--- EXERCISE ---
Copy out exactly, from the entries that follow, the line holding "为了探讨这个问题,巴顿的研究", the line holding "Primitive tribe life.", and all lines between them, but no pictures.

--- AVAILABLE DATA ---
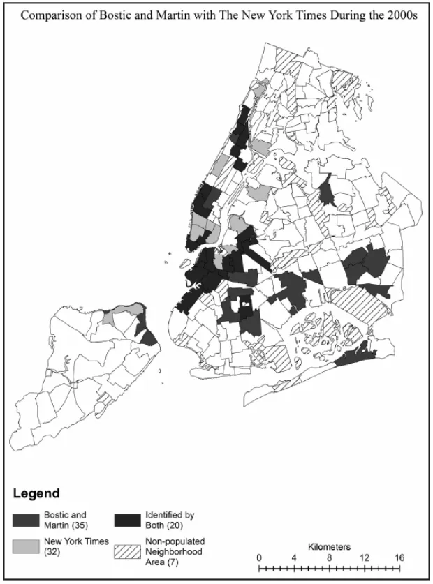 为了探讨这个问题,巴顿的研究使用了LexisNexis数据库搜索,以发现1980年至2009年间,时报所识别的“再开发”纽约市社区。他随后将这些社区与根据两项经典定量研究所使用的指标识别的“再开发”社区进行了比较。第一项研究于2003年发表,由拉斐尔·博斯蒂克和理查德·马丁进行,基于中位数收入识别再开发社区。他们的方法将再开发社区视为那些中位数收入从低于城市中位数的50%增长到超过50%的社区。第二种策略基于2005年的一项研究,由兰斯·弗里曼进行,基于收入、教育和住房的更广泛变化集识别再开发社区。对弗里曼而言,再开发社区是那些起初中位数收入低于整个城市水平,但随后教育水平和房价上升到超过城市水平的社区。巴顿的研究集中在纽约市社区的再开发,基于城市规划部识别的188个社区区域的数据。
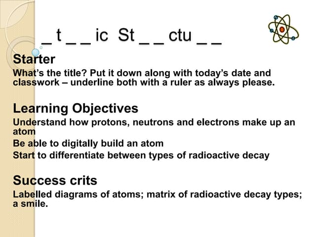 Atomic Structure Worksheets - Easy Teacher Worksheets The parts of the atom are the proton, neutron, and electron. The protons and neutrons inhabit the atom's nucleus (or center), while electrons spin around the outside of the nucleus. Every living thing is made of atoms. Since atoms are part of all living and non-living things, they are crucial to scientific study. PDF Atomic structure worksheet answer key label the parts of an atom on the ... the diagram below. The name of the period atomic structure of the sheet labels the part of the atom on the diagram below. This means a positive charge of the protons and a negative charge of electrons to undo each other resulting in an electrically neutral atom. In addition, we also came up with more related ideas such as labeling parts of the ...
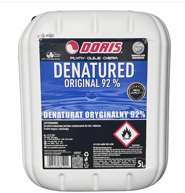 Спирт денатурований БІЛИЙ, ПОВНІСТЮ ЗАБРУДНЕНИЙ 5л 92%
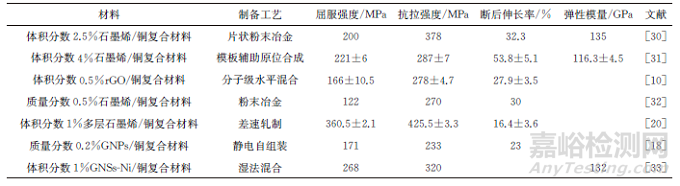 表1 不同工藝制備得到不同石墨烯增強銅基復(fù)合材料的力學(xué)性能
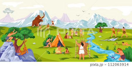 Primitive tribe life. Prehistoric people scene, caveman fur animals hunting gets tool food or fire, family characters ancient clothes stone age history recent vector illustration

* * *

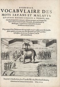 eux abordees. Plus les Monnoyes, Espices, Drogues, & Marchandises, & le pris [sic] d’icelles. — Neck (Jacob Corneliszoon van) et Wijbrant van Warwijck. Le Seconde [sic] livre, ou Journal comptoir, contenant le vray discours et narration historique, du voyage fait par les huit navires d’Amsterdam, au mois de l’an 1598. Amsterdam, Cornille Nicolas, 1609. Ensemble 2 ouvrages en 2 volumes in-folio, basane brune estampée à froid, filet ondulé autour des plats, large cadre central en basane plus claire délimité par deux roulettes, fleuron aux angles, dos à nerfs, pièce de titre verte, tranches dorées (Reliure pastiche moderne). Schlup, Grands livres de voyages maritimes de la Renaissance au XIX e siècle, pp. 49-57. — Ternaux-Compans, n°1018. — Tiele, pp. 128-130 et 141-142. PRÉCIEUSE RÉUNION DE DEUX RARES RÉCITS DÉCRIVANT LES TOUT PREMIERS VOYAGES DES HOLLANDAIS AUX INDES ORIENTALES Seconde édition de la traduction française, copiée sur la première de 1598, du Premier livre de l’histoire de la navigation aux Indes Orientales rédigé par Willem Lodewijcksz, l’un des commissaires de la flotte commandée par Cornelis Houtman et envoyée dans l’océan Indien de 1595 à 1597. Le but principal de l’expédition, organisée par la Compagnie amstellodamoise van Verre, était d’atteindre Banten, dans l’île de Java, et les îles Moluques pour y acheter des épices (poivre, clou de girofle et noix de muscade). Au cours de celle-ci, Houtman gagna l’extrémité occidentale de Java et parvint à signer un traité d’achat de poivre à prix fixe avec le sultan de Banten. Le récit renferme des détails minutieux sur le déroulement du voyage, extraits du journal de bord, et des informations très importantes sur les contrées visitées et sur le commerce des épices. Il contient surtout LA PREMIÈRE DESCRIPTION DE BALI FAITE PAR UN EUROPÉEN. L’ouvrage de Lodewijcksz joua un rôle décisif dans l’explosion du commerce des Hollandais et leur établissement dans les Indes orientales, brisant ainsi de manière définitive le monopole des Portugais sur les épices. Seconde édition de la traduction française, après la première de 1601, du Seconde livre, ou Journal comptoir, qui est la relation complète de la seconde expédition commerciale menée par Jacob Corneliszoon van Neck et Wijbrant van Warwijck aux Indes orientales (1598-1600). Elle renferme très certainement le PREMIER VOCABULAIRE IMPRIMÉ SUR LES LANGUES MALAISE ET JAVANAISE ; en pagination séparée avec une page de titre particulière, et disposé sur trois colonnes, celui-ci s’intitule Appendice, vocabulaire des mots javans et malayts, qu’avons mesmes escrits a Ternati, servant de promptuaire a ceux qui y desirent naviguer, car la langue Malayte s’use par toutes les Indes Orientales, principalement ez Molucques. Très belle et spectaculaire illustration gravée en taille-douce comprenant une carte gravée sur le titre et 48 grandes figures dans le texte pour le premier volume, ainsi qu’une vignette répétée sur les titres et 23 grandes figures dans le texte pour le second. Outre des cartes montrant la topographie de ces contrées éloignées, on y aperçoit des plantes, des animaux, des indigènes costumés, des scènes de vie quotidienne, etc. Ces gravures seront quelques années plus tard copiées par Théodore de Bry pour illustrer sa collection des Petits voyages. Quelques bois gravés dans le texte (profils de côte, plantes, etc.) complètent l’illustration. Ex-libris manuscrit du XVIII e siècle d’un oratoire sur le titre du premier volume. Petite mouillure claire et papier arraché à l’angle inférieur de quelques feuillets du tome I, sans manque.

--

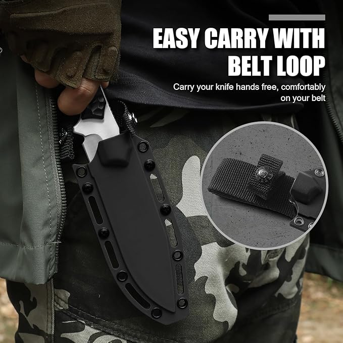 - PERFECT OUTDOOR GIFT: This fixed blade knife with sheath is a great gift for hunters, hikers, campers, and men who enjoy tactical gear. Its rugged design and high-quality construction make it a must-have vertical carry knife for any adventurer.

--- WRITTEN REPLY ---
 为了探讨这个问题,巴顿的研究使用了LexisNexis数据库搜索,以发现1980年至2009年间,时报所识别的“再开发”纽约市社区。他随后将这些社区与根据两项经典定量研究所使用的指标识别的“再开发”社区进行了比较。第一项研究于2003年发表,由拉斐尔·博斯蒂克和理查德·马丁进行,基于中位数收入识别再开发社区。他们的方法将再开发社区视为那些中位数收入从低于城市中位数的50%增长到超过50%的社区。第二种策略基于2005年的一项研究,由兰斯·弗里曼进行,基于收入、教育和住房的更广泛变化集识别再开发社区。对弗里曼而言,再开发社区是那些起初中位数收入低于整个城市水平,但随后教育水平和房价上升到超过城市水平的社区。巴顿的研究集中在纽约市社区的再开发,基于城市规划部识别的188个社区区域的数据。
 Atomic Structure Worksheets - Easy Teacher Worksheets The parts of the atom are the proton, neutron, and electron. The protons and neutrons inhabit the atom's nucleus (or center), while electrons spin around the outside of the nucleus. Every living thing is made of atoms. Since atoms are part of all living and non-living things, they are crucial to scientific study. PDF Atomic structure worksheet answer key label the parts of an atom on the ... the diagram below. The name of the period atomic structure of the sheet labels the part of the atom on the diagram below. This means a positive charge of the protons and a negative charge of electrons to undo each other resulting in an electrically neutral atom. In addition, we also came up with more related ideas such as labeling parts of the ...
 Спирт денатурований БІЛИЙ, ПОВНІСТЮ ЗАБРУДНЕНИЙ 5л 92%
 表1 不同工藝制備得到不同石墨烯增強銅基復(fù)合材料的力學(xué)性能
 Primitive tribe life. Prehistoric people scene, caveman fur animals hunting gets tool food or fire, family characters ancient clothes stone age history recent vector illustration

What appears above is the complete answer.